- [Task objective] Begin at the first line of the data and copy each line through the one containing "Gnom grau/rot mit", that line included, with no pictures.

*** Material for the task ***

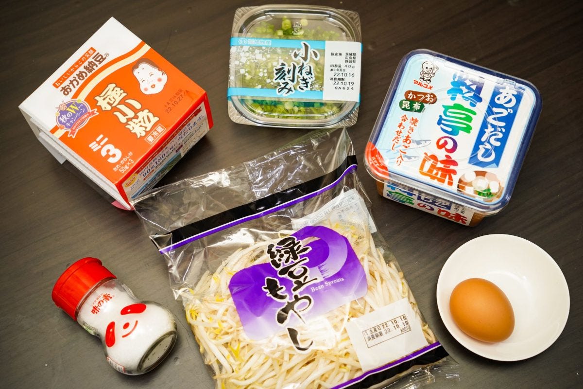 必要な材料は納豆1パック、卵1個、もやし100g、味噌大さじ3、味の素9振り、小ネギ適量とかなりシンプル。ちなみにもやしは一袋入れた場合、具材モリモリになるがとくに支障はないとのことだ。
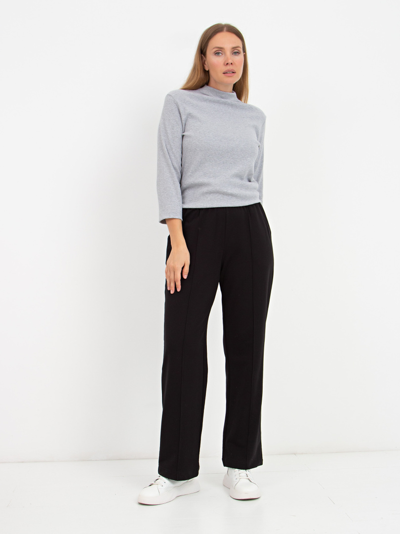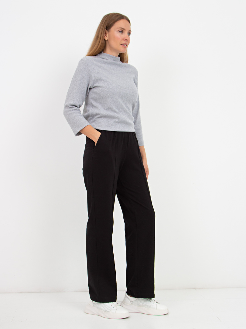 Длинные брюки из плотного трикотажа. Модель средней посадки прямого покроя с отстроченными складками. Притачной пояс с широкой резинкой. На передних половинках боковые карманы с наклонным входом.
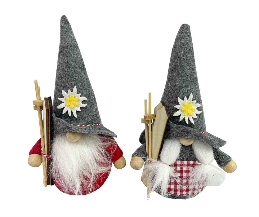 Gnom grau/rot mit Ski und Edelweiss, 2 assortier
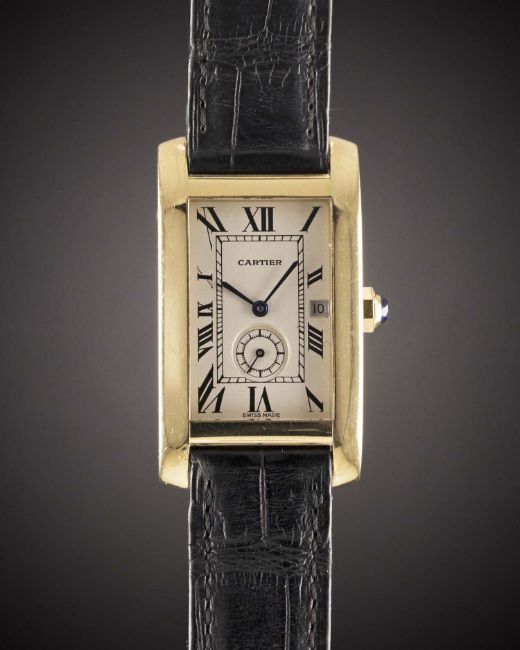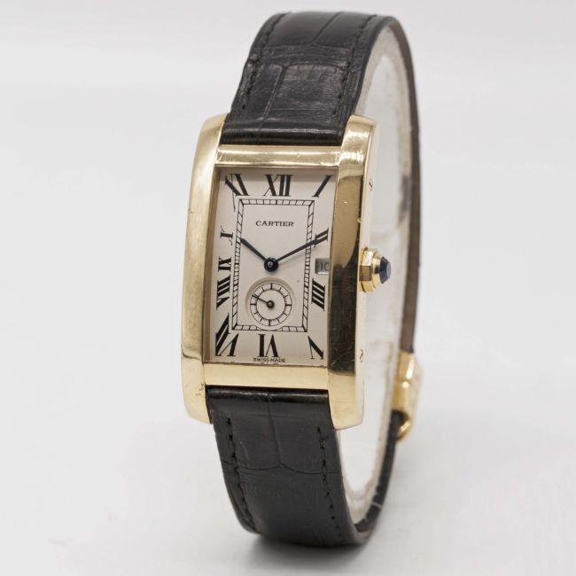 A GENTLEMAN'S SIZE 18K SOLID GOLD CARTIER TANK AMERICAINE WRIST WATCH
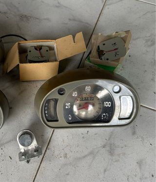 Conjunto de indicadores para Seat 600 de la primera serie. - Indicador de combustible. - Velocímetro. - Reloj.

*** End of Material for the task ***

- [Response box]
 必要な材料は納豆1パック、卵1個、もやし100g、味噌大さじ3、味の素9振り、小ネギ適量とかなりシンプル。ちなみにもやしは一袋入れた場合、具材モリモリになるがとくに支障はないとのことだ。
 Длинные брюки из плотного трикотажа. Модель средней посадки прямого покроя с отстроченными складками. Притачной пояс с широкой резинкой. На передних половинках боковые карманы с наклонным входом.
 Gnom grau/rot mit Ski und Edelweiss, 2 assortier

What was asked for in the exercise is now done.